A rebalancing of commodity portfolios by asset managers also added to the volatility in oil prices.
Brent rose 21 cents to $107.99 by 0339 GMT after a 2.7 percent drop on Thursday, the largest since late June.
U.S. crude hit a one-month low of $95.27, down 17 cents, after posting its biggest daily fall since November 2012.
"The strong inventories decline that we had in recent weeks are very likely linked to tax management at year-end than true underlying strength in demand," said Mark Keenan, head of commodities research in Asia at Societe Generale, referring to U.S. crude stocks.
"There's been talk about how over the next few weeks there's going to be some heavy inventory builds."
A report by industry group Genscape showed a one million barrel rise in stockpiles at Cushing, Oklahoma, the benchmark delivery point for U.S. oil futures.

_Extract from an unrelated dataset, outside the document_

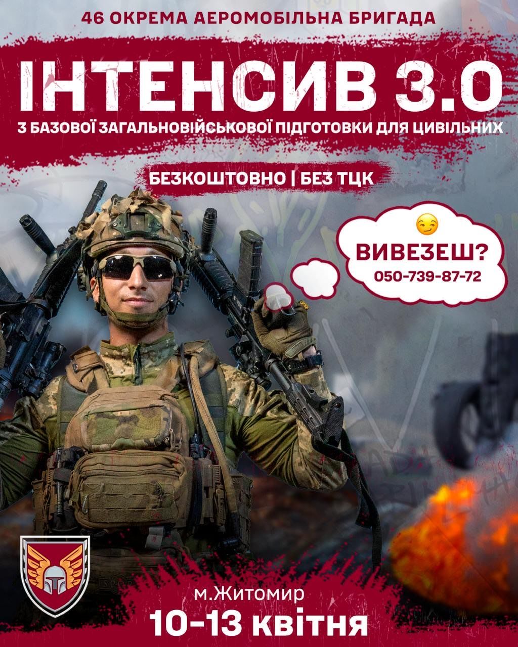 Участь в Інтенсиві 3.0 – це ваш крок до захисту країни. Це не просто навчання, це можливість стати частиною команди, яка стоїть на захисті України. Ви отримаєте корисні знання, практичні навички та познайомитеся з однодумцями. Захист країни починається з кожного з нас! Приєднуйтеся до 46 окремої аеромобільної бригади ДШВ ЗС України!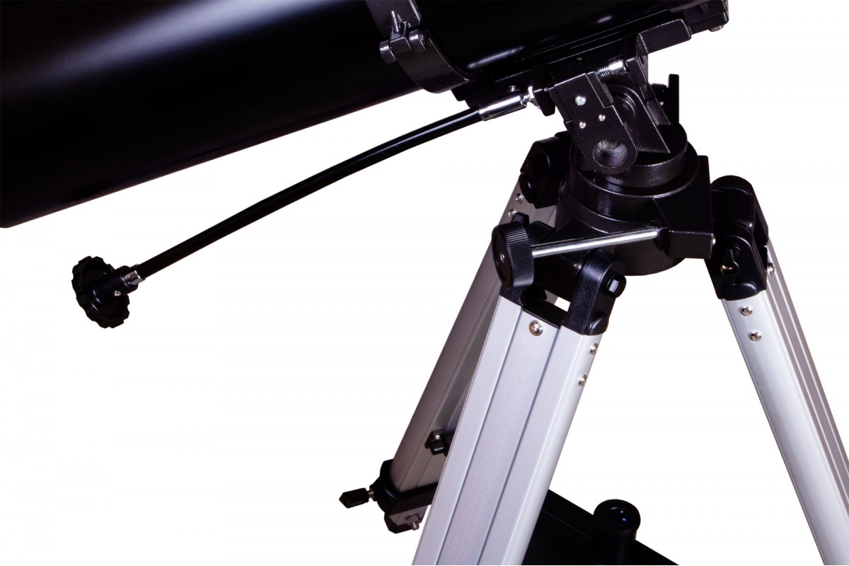 Оптическая труба установлена на классическую азимутальную монтировку. Управлять ею сможет даже пользователь, который ранее никогда не работал с оптической техникой. Монтировка крепится к устойчивой алюминиевой треноге, высоту которой можно регулировать. Есть лоток для аксессуаров.

The United States could also tighten regulations on crude-by-rail shipments after an explosion in North Dakota on Monday. This may lead to higher transportation costs and create supply gluts that could depress U.S. crude prices, Phillip Futures analyst Tan Cheet Tat said.
Analysts however expect official U.S. weekly data, to be released later on Friday, to show a fifth consecutive draw in nationwide crude inventories.